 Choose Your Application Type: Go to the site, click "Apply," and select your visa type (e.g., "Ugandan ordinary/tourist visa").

^^^^

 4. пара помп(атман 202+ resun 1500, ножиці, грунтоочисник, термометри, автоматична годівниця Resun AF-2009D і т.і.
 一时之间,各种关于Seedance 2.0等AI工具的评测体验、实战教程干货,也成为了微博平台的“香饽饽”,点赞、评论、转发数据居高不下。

^^^^

[WHAT TO DO]: An exact copy of the lines above, from the one containing "4. пара помп(атман" down to the one containing "一时之间,各种关于Seeda" and including both, is the whole answer; retype it and nothing else.

[SOLVED EXERCISE]:
 4. пара помп(атман 202+ resun 1500, ножиці, грунтоочисник, термометри, автоматична годівниця Resun AF-2009D і т.і.
 一时之间,各种关于Seedance 2.0等AI工具的评测体验、实战教程干货,也成为了微博平台的“香饽饽”,点赞、评论、转发数据居高不下。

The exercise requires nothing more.